Opinion: 100 Republicans are vowing a GOP ‘civil war.’ Here’s why that’s good news.
But it’s good news nonetheless. And it arguably should be taken as such even by liberals and progressives who understandably view the prospect of a pro-democracy center right with deep skepticism.
One of this effort’s lead organizers is Miles Taylor, the former Homeland Security official under Donald Trump who infamously wrote an “anonymous” tell-all about the administration. He appeared Wednesday morning on CNN to make the case for the new party.
“It is time to either reform or repeal the Republican Party,” Taylor said.
House Republicans just removed Rep. Liz Cheney of Wyoming from leadership for demanding that the GOP unambiguously repudiate Trump’s “big lie” about the election, admit to his culpability for the Jan. 6 insurrection and fully commit to respecting future democratic outcomes.
This removal, which was spearheaded by House Minority Leader Kevin McCarthy (R-Calif.), is supposed to allow the GOP to move on and “unite.”
But Taylor told CNN that McCarthy is kidding himself. “My message to him is that the civil war within the GOP is not ending," Taylor said. "Today, it is just beginning.”
The group threatening a third party reportedly contains more than 100 Republicans, including numerous former elected officials. They will release an open letter on Thursday demanding specific changes from the GOP, while warning:
When in our democratic republic, forces of conspiracy, division, and despotism arise, it is the patriotic duty of citizens to act collectively in defense of liberty and justice.
On CNN, Taylor elaborated, vowing that his group will keep “defending the good Republicans out there,” citing defenders of democracy such as Rep. Adam Kinzinger (R-Ill.), while “opposing the radicals” with third-party challenges.
This effort would be electorally doomed, as David Jolly explains. But that doesn’t render the broader project of challenging the GOP useless. The fact is we need as many right-leaning voices as possible calling out ongoing GOP radicalization even if they don’t gain power.

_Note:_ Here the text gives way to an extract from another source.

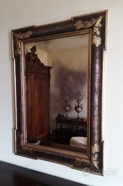 Antica testata imbottita per letto matrimoniale + specchio coordinato, entrambi argentati in foglia.

Of course, there are other objections one might pose. It’s true, for instance, that people such as Taylor and Cheney are hardly good spokespeople for democracy.
Taylor was an official in the same Department of Homeland Security that separated families. And as Adam Serwer argues, Cheney is associated with the stoking of Islamophobia and assaults on the rule of law linked to the war on terrorism, which helped till the ground for the GOP’s escalating descent under Trump.
Or as Jeet Heer notes, “it’s a problem that the opposition to this being led by the Cheney wing of the GOP. A good cause deserves better advocates.”
This is all true. But we don’t have our choice of better advocates among Republicans. This is inherent to the current problem. And as bad as their records are, we need center-right voices who are willing to flatly articulate the principle that accepting democratic electoral outcomes is a precondition for a functioning liberal democracy.
We may disagree vehemently with Taylor and Cheney about what constitutes legitimate use of the state power that elections place in officials’ hands and even about what it means to uphold the rule of law itself. But if they will accept it when our vision of these things prevails in elections, that’s something we want in a center right.
Relatedly, it’s often pointed out that the democratic commitments of such center-rightists are shallow. They won’t forcefully criticize GOP voter suppression and other anti-majoritarian tactics, so functionally they look the other way while Republicans put in place machinery to stay in power in defiance of popular majorities, or worse, to try to invalidate future elections.
That may be. But here again, if our vision of these things prevails through legitimate democratic processes — if, say, Democrats win elections and pass state or federal protections and expansions of voting rights — they will presumably accept this outcome. They may fight such outcomes in court, which we would despise and oppose — but if they lose, they’ll presumably accept that, too.
Obviously there might come a point at which such Republicans’ countenancing of anti-majoritarian tactics could render their democratic commitments useless for any pro-democracy alliance. But I don’t think we’re there yet with people like Taylor and even Cheney, given her most recent stances.
What’s more, there’s utility to what they’re doing. Anything that draws more media attention to the ongoing GOP plunge into authoritarianism can only help.
Indeed, this sort of center-right criticism may even prod both-sides-oriented media figures to feel more obligated to highlight the big unvarnished truth about this moment, that only one party — the GOP — poses a real threat to ongoing democratic stability.
To be clear, none of this is sufficient to winning future elections or generating the spine among Democrats to push through major reforms, which would do far more to protect democracy than any center-right challenge will. But we need whatever semblance of a functional pro-democracy center-right we can scrounge up.
On CNN, Taylor said: “The one place we are united with Democrats right now is in defending our democracy.” Unfortunately, when it comes to center-right voices willing to say this, right now we don’t have the option of being particularly choosy.